The ARM API offers many benefits to a manager who needs to monitor the response times of applications: The most important factor is its openness. Resulting from a joint initiative of 15 companies, it offers a well defined interface that can be used either by application developers or by management tool vendors. Applications instrumented with the API calls will work seamlessly with management tools from various manufacturers (e.g. Tivoli Application Performance Management (TAPM)[*] or HP MeasureWare/PerfView[*]). However, it is also general enough to allow sufficient differentiation between management solutions from different vendors. Its adoption as a standard by the Open Group further strengthens its position as the predominant standard for response time measurement. Another important fact is its simplicity and efficiency. There are not more than six calls to be used. Technically it is very easy to instrument an application using these calls and it is also relatively easy to provide a measurement agent that implements the calls. Depending on the amount of processing the measurement agent does, it affects system performance only to a minimal level. A further benefit is the way transactions are defined. Even in a highly distributed environment it is easy to monitor the transactions a user is aware of. Users are not interested in certain parts of the transactions but in the total amount of time from their request to the reception of the response. Through the concept of subtransactions, managers still have the chance to find out which part of the transaction is responsible when performance problems occur.

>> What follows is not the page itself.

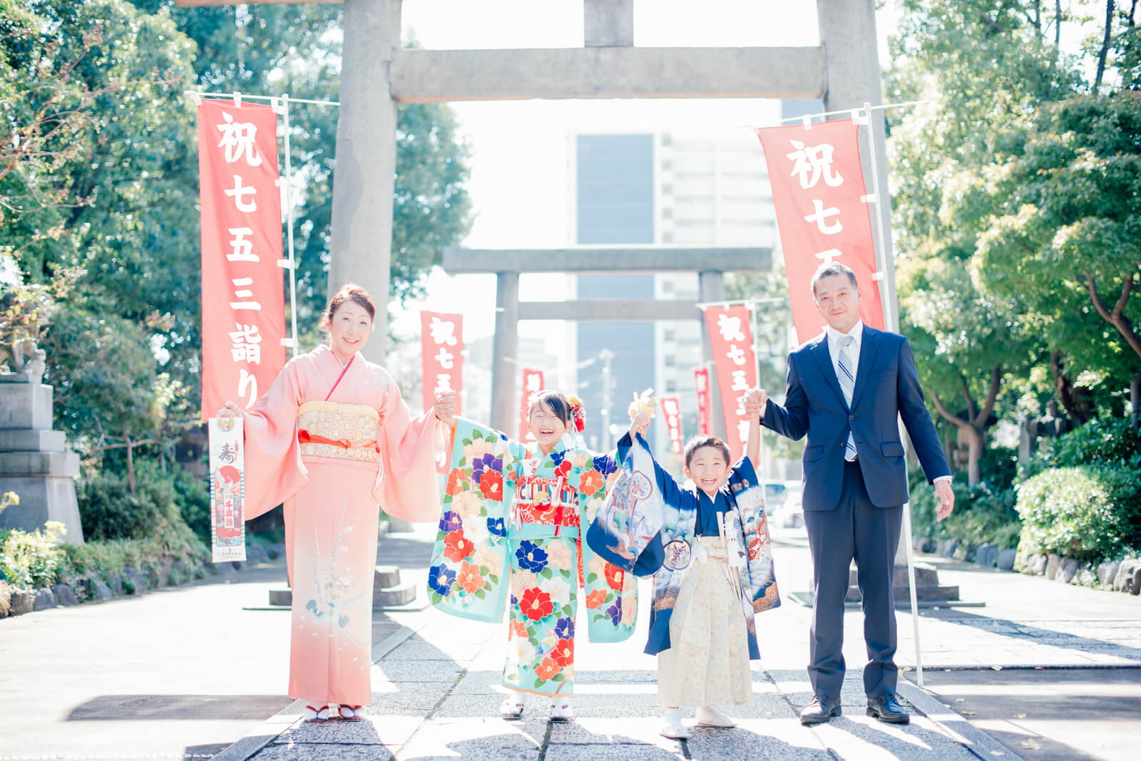 元気なご家族の雰囲気が伝わります。お母様がかわりに千歳飴をもっている様子がなんだかほっこりしますね。

However, the ARM API still comes with a lot of problems: Obviously, the first to mention is the need for instrumented applications. Today most commercially available applications are not instrumented. As normally no source code is available it is also impossible to instrument these applications on your own. Even if the source code is provided it is a difficult and time consuming task because the business transactions seen by the user must be identified in the code, which requires expert knowledge of the implementation. When using transaction correlation, the correlator received by the measurement agent must be known to the subtransactions. In a distributed environment this requires changes to the applications because the correlators have to be passed explicitly as parameters when calling the server component.